How are the campaigns for risk of churn doing as a whole? And how has this specific campaign that I’m going to run tomorrow morning, how has that specific campaign been doing, not generally, but for customers like John? So putting all this analysis to place, I can basically predict, right, predict which one of these actions will be most valuable in terms of immediate uplift.
Right? So I’m going to see that on average probably, and as an expected value, because there’s a good chance that John’s not going to respond, but as an expected value, I’m going to get two dollars of uplift from the first campaign, three dollars and five dollars. So this is kind of like trying to define the priority of what John’s going to get using all the data and using machine learning.
However, I’m talking about the Self-Optimized Journey, so where is the journey? Right? There’s no journey here. The journey comes into effect because we realize that when we make a choice here, it’s not only about the immediate uplift that we’re going to see. It’s also about the fact that we’re going to set John on a specific path. So if John sees one of these messages, there’s a better chance of him being eligible to see something else in two days time or three days time.
So basically, there’s all of these different journeys with different probabilities of happening or not happening and each one of these journeys would change and would impact where John would be in one day time, two days time, three days time, or four day time. And, as according to that, what is he going to get or what is he going to be eligible to?
Because again, we’re going to take the same decision of trying to understand which message he should be getting. And there’s kind of like this route that’s going to happen and there’s the expected value of the route. And after we take into consideration the future journey that we’re going to put John on, all of a sudden, the optimization changes and maybe what I want to do is I want to choose to keep John on my normal welcome series.
And he’s going to get this, which will lead to another thing and 70%, and another thing, and, overall, his accumulated uplift will be $21, and there is this… And I’m just showing a few things for illustration, but, obviously, you guys understand that mathematically, this explodes, there’s multiple journeys and you need to kind of like always choose the best policy that will put John in the best-expected route that he can take.

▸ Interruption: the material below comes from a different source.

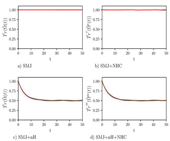 Plot of . The values of the parameters of the calculation are: number of time steps = 10,000, number of Monte Carlo points , time step , , , , coupling constant , and inverse temperature . The red line shows the average trend while the cyan area around it, which is hardly visible, displays the statistical error of the calculation. Panels (a) and (b) show the results of the calculations when the dynamics takes place for the isolated single-molecule junction (SMJ) dynamics and for the SMJ dynamics at constant temperature, i.e., SMJ+NHC dynamics, respectively. Panel (c) shows the result of the calculation when a decay operator acts onto the SMJ, which is for SMJ+nH dynamics. Finally, in Panel (d) all types of dynamics are considered together, i.e., SMJ+nH+NHC dynamics. It is easy to see that the trace is conserved when the Hamiltonian is Hermitian. Instead, the population drops to about one half in the case of nH dynamics.

So to sum this up, innately intelligent marketing is only possible when you combine human creativity and machine optimization. So again, this notion of machines doing the optimization after the marketer has defined the framework, has designed the experiment. We do the experiment design, the machines do the optimizations.
And going back to this notion of CDP, you cannot do this if you don’t have a strong data foundation. If you don’t have a rich customer database with loads of raw data and if you haven’t processed this data to make business sense, you’re not going to be able to achieve the self-optimized journeys or innately intelligent marketing in general. And lastly, I want to talk about something which is a little bit personal, but actually, all I’ve been saying now is one word.
I’ve been saying Optimove. So we have been obsessing over this one problem of what’s the best thing to do for every customer, every time? What’s the best marketing action for every customer, every time, or the best move? And that’s basically Optimove. So throughout the years, we’re just always kind of like taking a different approach at the problem.
As technology advances, as our resources and capabilities advance, we’re able to solve this one problem of truly becoming what we were meant to become, which is Optimove. Thank you very much everybody.